[REBOL] Entropy [was Re: Compression]
From: joel:neely:fedex at: 18-Apr-2001 2:58
Hi, all!
In case anyone is interested, the following is a quick-and-dirty that
will perform the character-level entropy calculation for a specific
data source supplied as an argument (file or string).
The result tells the minimum number of bits per character required to
transmit without loss any message from a source having the same
distribution as the supplied source.
Run against its own source (without the verbose flag) it calculates
>> char-ent/calc-ent %char-ent.r
( 2180 ) characters
Source entropy is 4.78716832865254 bits per character.
Maximum compression gives 40.1603958918433 percent saving.
If we take the source code for this program as "typical" for REBOL,
then any character-level compression scheme that squishes REBOL
scripts down to less than about 59.84% of their original size can
only do so by losing information.
-jn-
8<------------------------------------------------------------
#!/usr/local/bin/rebol
REBOL [
title: "calc-ent"
file: "calc-ent.r"
author: "Joel Neely"
description: {
Calculates the character entropy of a data source,
which must be a string or a file.
}
]
;
; everything is wrapped in an object to protect the
; global namespace
;
char-ent: make object! [
;
; character frequencies are accumulated here
; (8-bit characters are supported)
;
char-freq: array/initial 256 0
;
; the final result is calculated and retained here
;
entropy: 0.0
;
; the work is done in this function
;
calc-ent: function [
data [string! file!]
/verbose
][
ichar ; index for current char (off by 1!)
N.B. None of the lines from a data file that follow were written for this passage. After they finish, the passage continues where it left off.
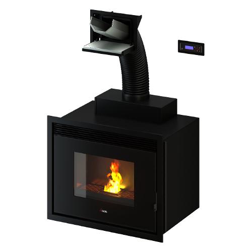 Saturno è un inserto idro dal design minimale con ampia visione del fuoco, completo di kit idraulico, ventilazione frontale e caricamento pellet orientabile. Wi-Fi e Bluetooth integrati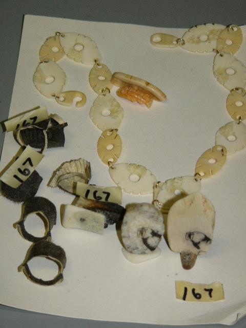 LOT of: Ivory Necklace and 3 Scrimshawed Ivory Plachets and 6 Eskimo Skin Thimbles (2)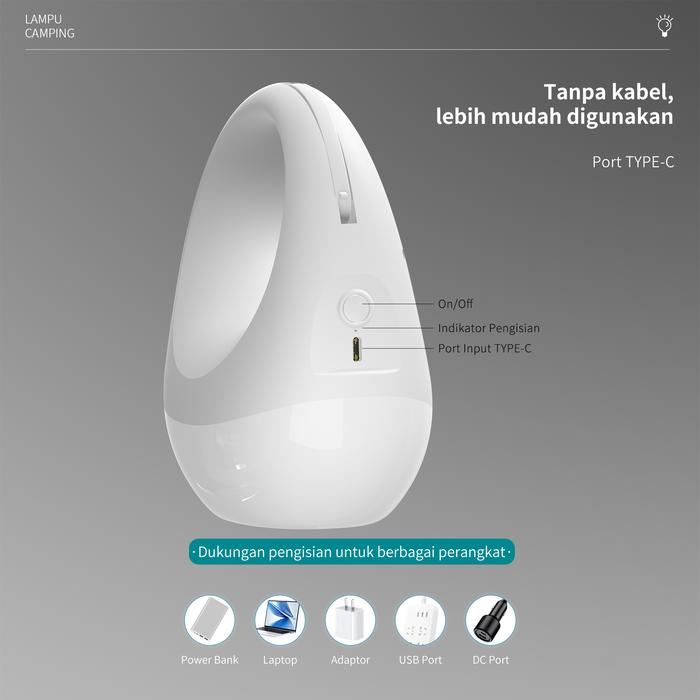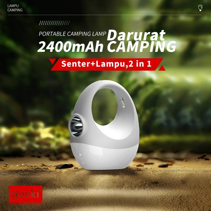 Aoki Lampu Camping Praktis 2400Mah Daya Tahan Lama Dual Baterai Senter Dimmer Dapat Digantung - 2400Mah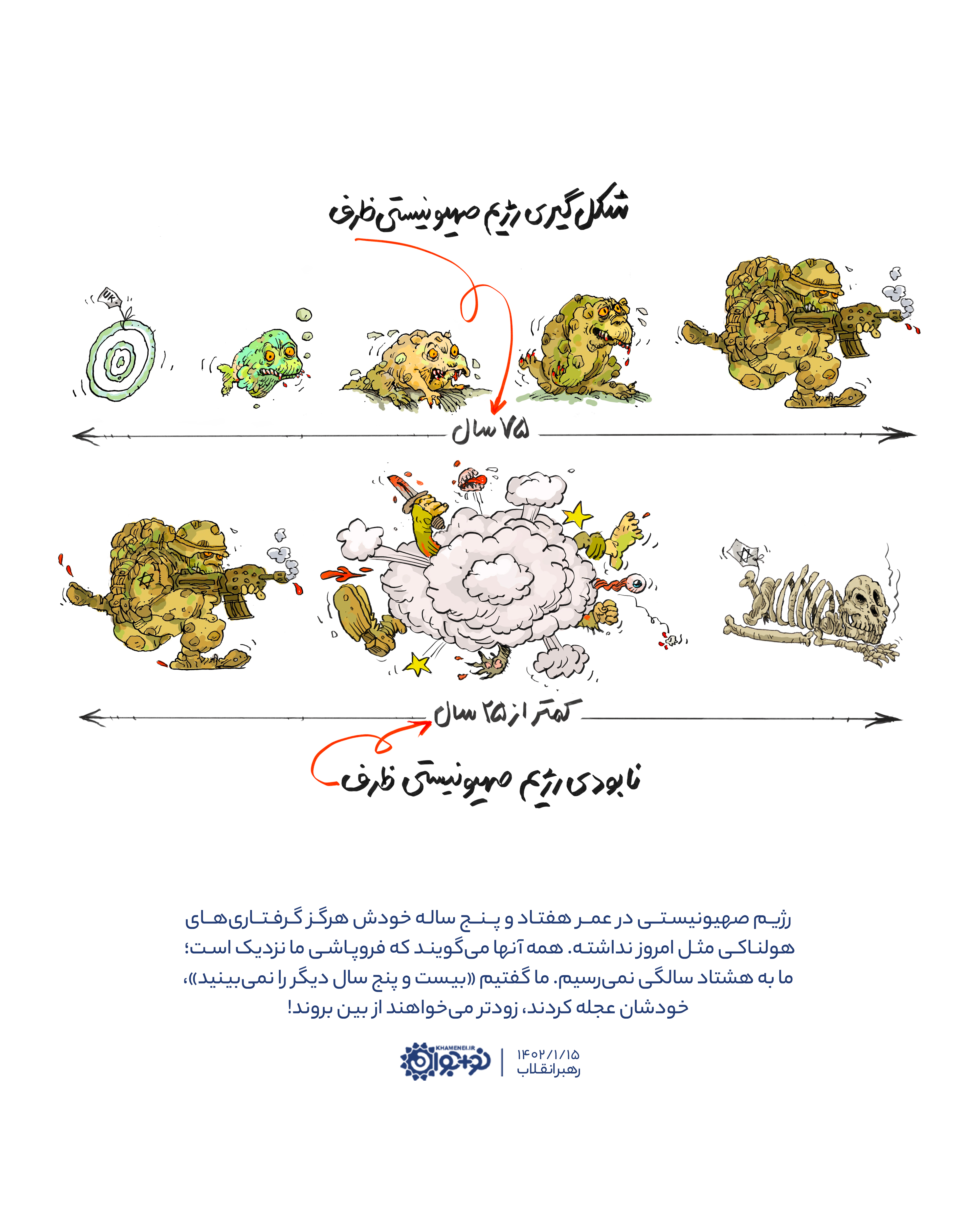 رژیم صهیونیستی در عمر هفتادوپنجساله خودش هرگز گرفتاریهای هولناکی مثل امروز نداشته. همه آنها میگویند که فروپاشی ما نزدیک است؛ ما به هشتاد سالگی نمیرسیم. ما گفتیم «بیستوپنجسال دیگر را نمیبینید»، خودشان عجله کردند، زودتر میخواهند از بین بروند!

iqty ; frequency for current character
tqty ; total character count
; (used instead of length? data in case
; we want to add logic in the input loop
; to consider only some characters, e.g. alpha)
][
;
; initialize accumulators
;
entropy: 0.0
tqty: 0
;
; grab content if argument is file
;
if file? data [data: read data]
;
; accumulate character frequencies from data
;
; wrap loop body in an 'if to consider only
; a subset of the characters from the source
;
foreach char data [
;
; offset char value by one since REBOL can't
; understand zero-based indexing ... sigh ;-)
;
ichar: 1 + to-integer char
poke char-freq ichar (1 + pick char-freq ichar)
tqty: tqty + 1
]
;
; print detail report (if /verbose refinement is set)
; and accumulate final result
;
print ["^/(" tqty ") characters^/"]
for ichar 1 256 1 [
;
; ignore unused character values
;
if 0 < iqty: pick char-freq ichar [
use [p q] [
p: iqty / tqty ; char probability
q: p * log-2 p ; (negative) bits
if verbose [
print [
mold to-char ichar - 1 tab
iqty tab
p tab q
]
]
;
; accumulate weighted (positive) bits per character
;
entropy: entropy - q
]
]
]
;
; result is character entropy FOR THIS SOURCE ONLY
;
print [
"Source entropy is" entropy "bits per character." newline
"Maximum compression gives"
100.0 * (1.0 - (entropy / 8.0))
"percent saving." newline
]
]
]